Resteraient à analyser les interactions entre contradiction capital/travail
et capital/individualité comme celles de leurs politisations respectives.
B – Des points aveugles
On peut pointer toutefois des points aveugles dans l’approche par Marx
de la question de l’individualité :
* Tout d’abord, centré sur la question du capitalisme, Marx apparaît peu
attentif aux formes de domination en interaction avec le capitalisme,
mais irréductibles à sa logique : oppression des femmes, dominations
culturelles, racismes et discriminations dites « postcoloniales » affectant
systématiquement les populations issues de l’immigration dans les
anciennes colonies, homophobie, etc. C’est sur ce plan notamment que
la sociologie « post-marxiste » de Pierre Bourdieu, qui se présente
comme une sociologie de la pluralité des formes de domination,
apparaît utile pour remplir des vides de Marx.
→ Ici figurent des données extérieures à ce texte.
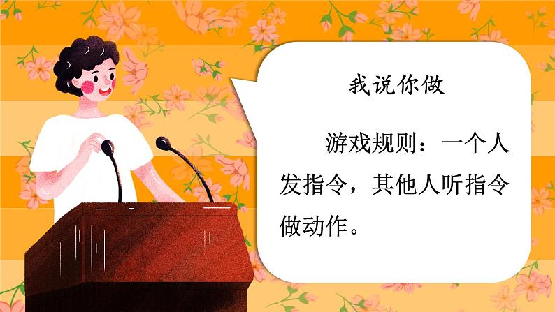 这个游戏好玩吗?今天我们一起玩一个游戏,名字叫作“我说你做”, 一个人发指令,其他人听指令做动作。(板书课题)

* Deuxième limite (sur laquelle je m’étendrai plus), elle se situe sur le
plan de ce qu’on peut appeler ses présupposés anthropologiques au
sens philosophique. En parlant d’anthropologies philosophiques, je ne
vise pas la branche « anthropologie » des sciences sociales, mais des
conceptions a priori des caractéristiques des humains et de la condition
humaine. Or, je fais l’hypothèse que, le plus souvent, les approches des
sciences sociales engagent implicitement, sans en être nécessairement
conscientes, des intuitions quant aux caractéristiques des humains
observés et analysés.
Une des anthropologies philosophiques de référence de Marx dans sa
critique du capitalisme, comme du « communisme vulgaire », est celle
de « l’homme complet » ou de « l’homme total ». Dans cette
anthropologie, les humains seraient dotés de désirs et de passions
infinis. Ces désirs et ces passions sont considérés comme des
potentialités créatrices. Le désir et la passion apparaissent chez Marx
comme intrinsèquement positifs et émancipateurs. Le capitalisme
comme « le communisme vulgaire » constituent des cadres sociaux
entravant, étouffant, amenuisant ces capacités humaines.